Allocation - an example

It’s educational to look at the way the new operator works in C++. Allocation is a two step process:

1. First, raw memory is requested from the OS, represented by the global operator new function.
2. Once that memory is granted, the new object is constructed in it.

The C++ FAQ presents a really nice code sample I’d like to reproduce here:

When you write this code:

Foo* p = new Foo();

what the compiler generates is functionally similar to:

Foo* p;

// don't catch exceptions thrown by the 
// allocator itself
void* raw = operator new(sizeof(Foo));

// catch any exceptions thrown by the ctor
try {
  p = new(raw) Foo(); // call the ctor 
                      //with raw as this
 }
catch (...) {
// oops, ctor threw an exception
  operator delete(raw);
  throw;  
// rethrow the ctor's exception
 }

The funny syntax inside the try statement is called "placement new", and we’ll discuss it shortly. For completeness’ sake, let’s see a similar breakdown for freeing an object with delete, which is also a two-step process:

1. First, the destructor of the object that’s being deleted is called.
2. Then, the memory occupied by the object is returned to the OS, represented by the global operator delete function.

So:

delete p;

Is equivalent to:

if (p != NULL) {
 p->~Foo();
 operator delete(p);
}

Note the check for NULL. It's the reason for delete p being safe even when p is NULL – another C++ FAQ.

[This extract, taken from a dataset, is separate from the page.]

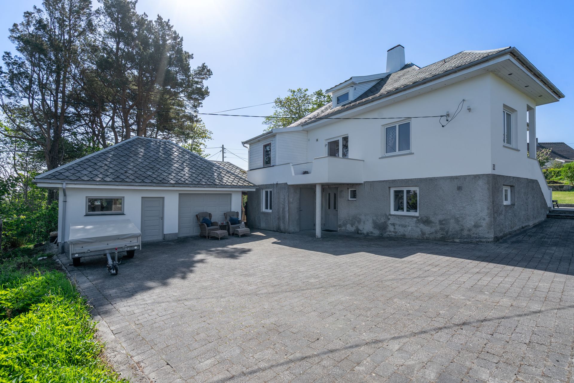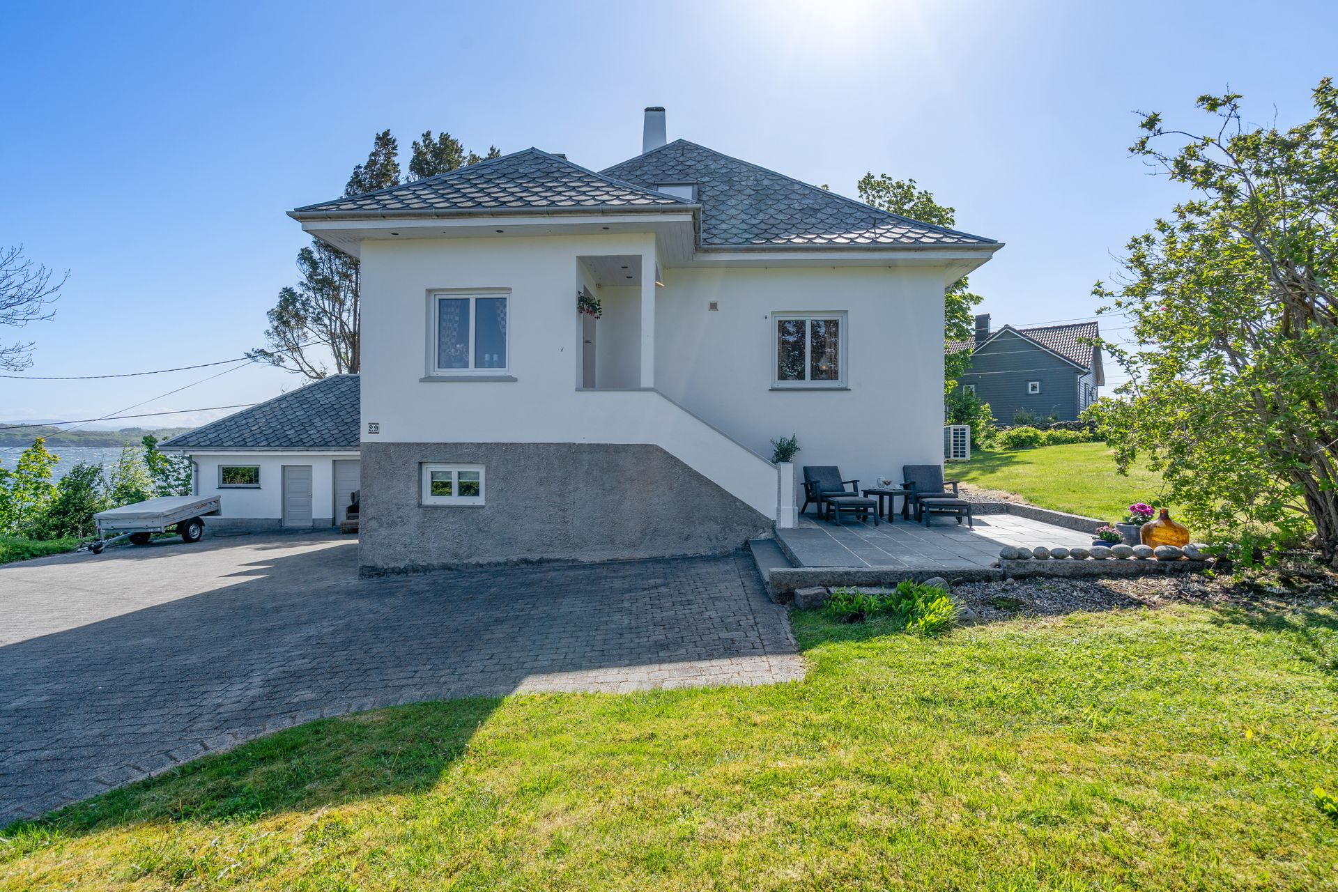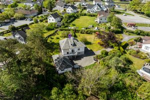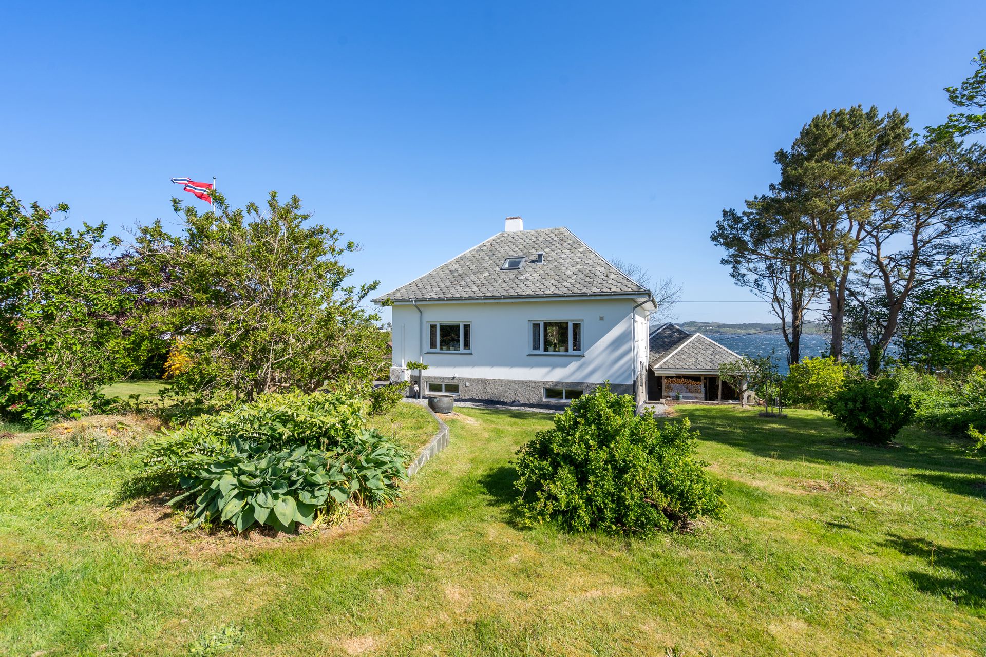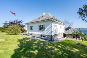 Staslig eiendom med flott velholdt murhus – Nydelig sjøutsikt - Garasje – Stor tomt m/bærbusker og frukttrær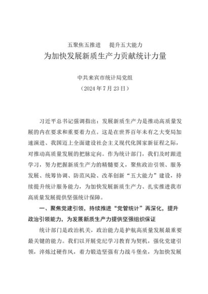 / 党组学习:20240723为加快发展新质生产力贡献统计力量——来宾市统计局党组

This is also a good place to repeat something I’ve mentioned in the first section of this article – if a class has its own operator new or operator delete, these get invoked instead of the global functions when an object is allocated or deallocated.

Placement new

Now, back to that "placement new" we saw in the code sample above. It happens to be a real syntax we can use in our C++ code. First, I want to briefly explain how it works. Then, we’ll see when it can be useful.

Calling placement new directly skips the first step of object allocation. We don’t ask for memory from the OS. Rather, we tell it where there’s memory to construct the object in. Remember, to ensure that the location that pointer goes to has enough memory for the object, and that the pointer is also correctly aligned. The following code sample should clarify this:

int main(int argc, const char* argv[])
{
 // A "normal" allocation. Asks the OS
 // for memory, so we don't actually 
 // know where this ends up pointing.

 int* iptr = new int;
 cerr << "Addr of iptr =" << iptr << endl;
 
 // Create a buffer large enough to     
 // hold an integer, note its address.
 
 char mem[sizeof(int)];
 cerr << "Addr of mem = " << (void*) mem << endl;
 // Construct the new integer 
 // inside the buffer 'mem'.
 // The address is going to be mem's.
 //
 int* iptr2 = new (mem) int;
 cerr << "Addr of iptr2 = " << iptr2 << endl;
 return 0;
}

For a particular run on my machine it prints:

Addr of iptr = 0x8679008
Addr of mem = 0xbfdd73d8
Addr of iptr2 = 0xbfdd73d8

As you can see, the mechanics of placement new are quite simple. What’s more interesting is the question – why would we need something like this? It turns out placement new is quite useful in a few scenarios:

• Custom non-intrusive memory management. While overloading operator new for a class also allows custom memory management, the key concept here is non-intrusive. Overloading operator new requires you to change the source code of a class. But suppose we have a class the code of which we don’t want or can’t change. How can we still control its allocation? Placement new is the answer here. A common programming technique that uses placement new for this purpose is memory pools, sometimes also called "arenas" (Memory pools is a large and fascinating topic that I can’t cover it in any meaningful depth here. So I encourage you to look up more information such as Wikipedia's)
• In some applications it is necessary to allocate objects in specific memory regions. One example is shared memory. Another is embedded applications or drivers with memory mapped peripherals, which can be controlled conveniently by objects allocated "on top" of them.
• Many container libraries pre-allocate large buffers of memory. When new objects are added they have to be constructed in these buffers, so placement new is used. The prime example is probably the standard vector container.